EXERCISE DATA
· · · · · · ·
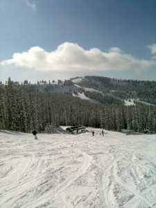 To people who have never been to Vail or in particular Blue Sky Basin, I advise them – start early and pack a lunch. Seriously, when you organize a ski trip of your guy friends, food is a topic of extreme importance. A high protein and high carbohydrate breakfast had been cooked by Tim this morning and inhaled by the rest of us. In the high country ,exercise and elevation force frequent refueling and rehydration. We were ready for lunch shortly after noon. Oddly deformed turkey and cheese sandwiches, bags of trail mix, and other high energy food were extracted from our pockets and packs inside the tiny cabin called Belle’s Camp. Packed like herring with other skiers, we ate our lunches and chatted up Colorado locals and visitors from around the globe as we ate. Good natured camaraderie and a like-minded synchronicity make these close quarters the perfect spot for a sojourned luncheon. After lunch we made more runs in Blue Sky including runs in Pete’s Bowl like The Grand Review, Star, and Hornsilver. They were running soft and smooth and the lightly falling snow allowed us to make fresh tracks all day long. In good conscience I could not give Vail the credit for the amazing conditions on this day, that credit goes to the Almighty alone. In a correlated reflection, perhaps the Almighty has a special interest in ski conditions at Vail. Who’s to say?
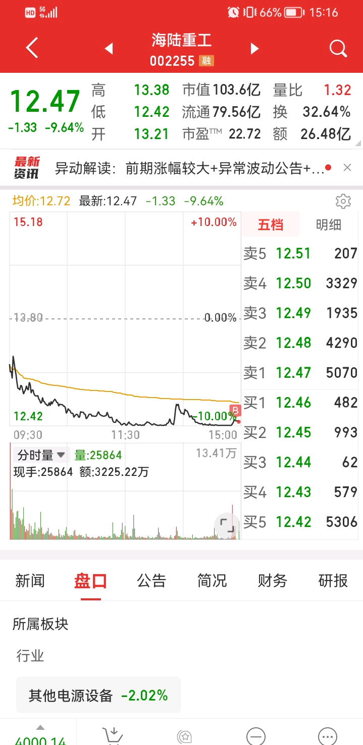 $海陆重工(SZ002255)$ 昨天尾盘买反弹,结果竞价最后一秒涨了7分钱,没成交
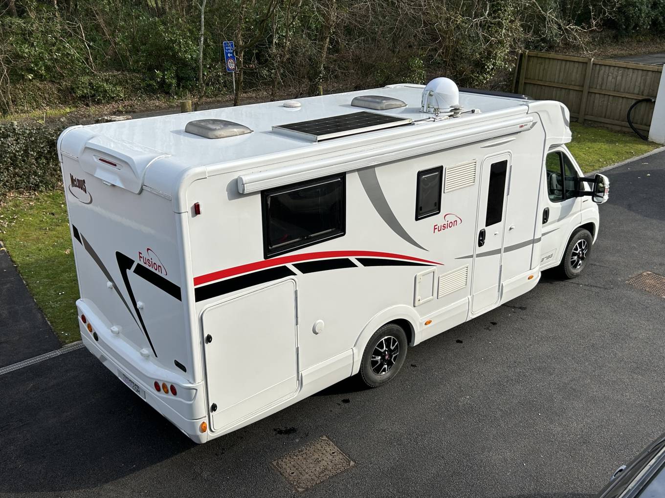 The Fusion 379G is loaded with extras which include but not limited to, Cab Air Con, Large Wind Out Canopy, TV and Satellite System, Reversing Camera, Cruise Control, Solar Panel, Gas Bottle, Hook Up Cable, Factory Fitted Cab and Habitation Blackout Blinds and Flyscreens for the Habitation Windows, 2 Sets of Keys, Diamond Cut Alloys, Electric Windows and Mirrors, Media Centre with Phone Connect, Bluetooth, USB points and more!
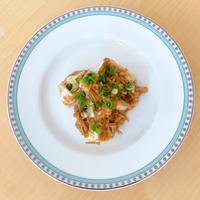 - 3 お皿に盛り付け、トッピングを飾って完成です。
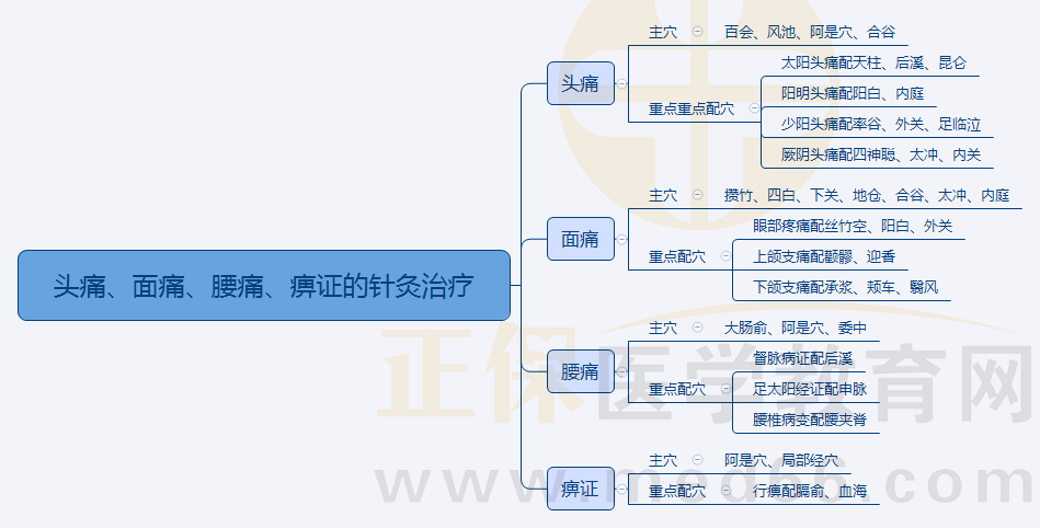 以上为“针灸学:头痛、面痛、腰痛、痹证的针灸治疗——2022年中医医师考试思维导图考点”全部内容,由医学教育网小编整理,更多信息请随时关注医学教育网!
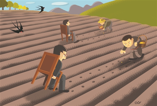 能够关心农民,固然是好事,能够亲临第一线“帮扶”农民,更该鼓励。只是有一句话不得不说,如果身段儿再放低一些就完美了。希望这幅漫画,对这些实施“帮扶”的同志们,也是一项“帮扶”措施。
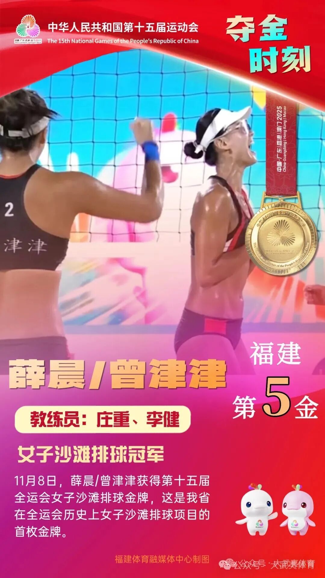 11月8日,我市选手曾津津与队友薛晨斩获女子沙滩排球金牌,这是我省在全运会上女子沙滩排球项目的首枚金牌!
· · · · · · ·
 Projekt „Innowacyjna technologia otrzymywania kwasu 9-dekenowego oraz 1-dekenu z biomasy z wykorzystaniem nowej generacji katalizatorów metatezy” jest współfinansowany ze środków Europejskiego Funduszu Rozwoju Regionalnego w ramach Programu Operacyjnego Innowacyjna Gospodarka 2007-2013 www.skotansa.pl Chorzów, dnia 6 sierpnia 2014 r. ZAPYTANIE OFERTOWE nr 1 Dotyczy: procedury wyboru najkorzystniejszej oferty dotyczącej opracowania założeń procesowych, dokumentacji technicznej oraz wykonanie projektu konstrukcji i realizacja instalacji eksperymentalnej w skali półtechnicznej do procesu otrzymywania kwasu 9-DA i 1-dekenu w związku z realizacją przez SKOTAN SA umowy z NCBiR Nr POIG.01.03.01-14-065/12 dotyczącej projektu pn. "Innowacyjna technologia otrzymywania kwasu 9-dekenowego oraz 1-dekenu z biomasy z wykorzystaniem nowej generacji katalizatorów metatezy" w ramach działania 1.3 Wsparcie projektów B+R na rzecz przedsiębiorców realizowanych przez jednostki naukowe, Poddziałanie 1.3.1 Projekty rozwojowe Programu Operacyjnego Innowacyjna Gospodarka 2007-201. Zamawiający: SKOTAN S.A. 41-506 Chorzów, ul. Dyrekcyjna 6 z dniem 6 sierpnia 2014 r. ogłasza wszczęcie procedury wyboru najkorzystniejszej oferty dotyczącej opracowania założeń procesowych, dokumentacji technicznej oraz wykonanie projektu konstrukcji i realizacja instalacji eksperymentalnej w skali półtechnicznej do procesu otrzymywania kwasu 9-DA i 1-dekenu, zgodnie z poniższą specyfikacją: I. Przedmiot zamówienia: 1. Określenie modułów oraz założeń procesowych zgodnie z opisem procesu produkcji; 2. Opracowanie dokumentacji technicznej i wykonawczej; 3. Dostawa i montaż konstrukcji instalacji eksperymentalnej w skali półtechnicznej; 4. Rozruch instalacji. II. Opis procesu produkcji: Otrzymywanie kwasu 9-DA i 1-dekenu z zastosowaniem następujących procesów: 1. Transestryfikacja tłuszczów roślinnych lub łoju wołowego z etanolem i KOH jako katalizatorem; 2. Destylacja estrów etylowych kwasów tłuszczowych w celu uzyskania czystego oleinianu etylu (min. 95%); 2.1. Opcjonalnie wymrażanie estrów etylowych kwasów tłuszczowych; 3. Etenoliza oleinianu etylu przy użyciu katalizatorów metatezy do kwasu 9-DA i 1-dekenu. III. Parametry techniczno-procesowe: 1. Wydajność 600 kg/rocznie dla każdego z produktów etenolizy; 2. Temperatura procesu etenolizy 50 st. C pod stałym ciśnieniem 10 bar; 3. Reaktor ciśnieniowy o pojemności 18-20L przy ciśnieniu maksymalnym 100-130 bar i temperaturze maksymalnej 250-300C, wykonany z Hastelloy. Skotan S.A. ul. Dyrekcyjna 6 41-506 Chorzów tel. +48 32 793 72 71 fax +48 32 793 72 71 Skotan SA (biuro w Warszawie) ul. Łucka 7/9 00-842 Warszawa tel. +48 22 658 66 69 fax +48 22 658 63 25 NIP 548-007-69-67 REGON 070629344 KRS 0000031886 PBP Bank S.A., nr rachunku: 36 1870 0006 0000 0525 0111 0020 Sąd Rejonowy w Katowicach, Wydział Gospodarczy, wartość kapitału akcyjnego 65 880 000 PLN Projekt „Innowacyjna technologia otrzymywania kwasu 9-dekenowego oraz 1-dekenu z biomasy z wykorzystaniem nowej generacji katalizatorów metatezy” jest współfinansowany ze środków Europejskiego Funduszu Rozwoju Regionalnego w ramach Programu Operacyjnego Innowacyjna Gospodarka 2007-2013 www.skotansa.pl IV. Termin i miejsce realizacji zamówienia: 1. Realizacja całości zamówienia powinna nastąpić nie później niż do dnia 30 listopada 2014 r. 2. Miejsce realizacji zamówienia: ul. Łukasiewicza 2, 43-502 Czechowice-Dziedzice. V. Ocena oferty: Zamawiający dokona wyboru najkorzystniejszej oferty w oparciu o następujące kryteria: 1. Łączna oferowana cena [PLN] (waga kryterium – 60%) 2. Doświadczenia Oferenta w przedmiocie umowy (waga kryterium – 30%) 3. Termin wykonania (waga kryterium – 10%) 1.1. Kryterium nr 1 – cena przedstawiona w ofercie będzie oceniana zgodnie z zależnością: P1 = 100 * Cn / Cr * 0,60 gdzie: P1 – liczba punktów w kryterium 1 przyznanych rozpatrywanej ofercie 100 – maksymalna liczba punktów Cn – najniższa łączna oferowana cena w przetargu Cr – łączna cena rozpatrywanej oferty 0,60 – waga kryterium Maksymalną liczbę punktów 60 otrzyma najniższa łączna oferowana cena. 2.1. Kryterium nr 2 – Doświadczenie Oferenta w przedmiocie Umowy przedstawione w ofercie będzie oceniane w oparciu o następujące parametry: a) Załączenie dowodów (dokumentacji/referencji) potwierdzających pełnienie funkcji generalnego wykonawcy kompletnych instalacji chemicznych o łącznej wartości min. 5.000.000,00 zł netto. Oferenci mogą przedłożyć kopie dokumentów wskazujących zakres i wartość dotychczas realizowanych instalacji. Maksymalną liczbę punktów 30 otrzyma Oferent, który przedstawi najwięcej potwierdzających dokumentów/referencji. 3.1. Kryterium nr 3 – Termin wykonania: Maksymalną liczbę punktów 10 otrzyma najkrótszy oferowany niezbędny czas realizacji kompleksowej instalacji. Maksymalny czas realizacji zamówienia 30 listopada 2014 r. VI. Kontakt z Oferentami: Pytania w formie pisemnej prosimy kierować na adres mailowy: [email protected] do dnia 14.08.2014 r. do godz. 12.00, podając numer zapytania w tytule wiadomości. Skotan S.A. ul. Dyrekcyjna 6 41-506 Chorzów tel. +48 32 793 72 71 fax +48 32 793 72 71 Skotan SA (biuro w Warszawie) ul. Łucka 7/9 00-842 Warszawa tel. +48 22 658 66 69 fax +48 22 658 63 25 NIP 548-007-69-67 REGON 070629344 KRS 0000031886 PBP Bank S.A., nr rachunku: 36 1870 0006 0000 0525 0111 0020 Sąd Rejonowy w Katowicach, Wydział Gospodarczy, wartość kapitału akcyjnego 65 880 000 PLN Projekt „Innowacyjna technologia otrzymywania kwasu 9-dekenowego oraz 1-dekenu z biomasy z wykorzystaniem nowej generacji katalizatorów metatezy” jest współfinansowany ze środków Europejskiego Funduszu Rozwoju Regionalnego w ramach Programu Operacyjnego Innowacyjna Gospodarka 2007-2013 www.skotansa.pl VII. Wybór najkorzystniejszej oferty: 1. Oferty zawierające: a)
· · · · · · ·
WORK TASK
Above are the records; restate exactly the lines from the one containing "能够关心农民,固然是好事,能" through the one containing "11月8日,我市选手曾津津与", keeping pictures out.

RESULT FOR THIS EXERCISE
 能够关心农民,固然是好事,能够亲临第一线“帮扶”农民,更该鼓励。只是有一句话不得不说,如果身段儿再放低一些就完美了。希望这幅漫画,对这些实施“帮扶”的同志们,也是一项“帮扶”措施。
 11月8日,我市选手曾津津与队友薛晨斩获女子沙滩排球金牌,这是我省在全运会上女子沙滩排球项目的首枚金牌!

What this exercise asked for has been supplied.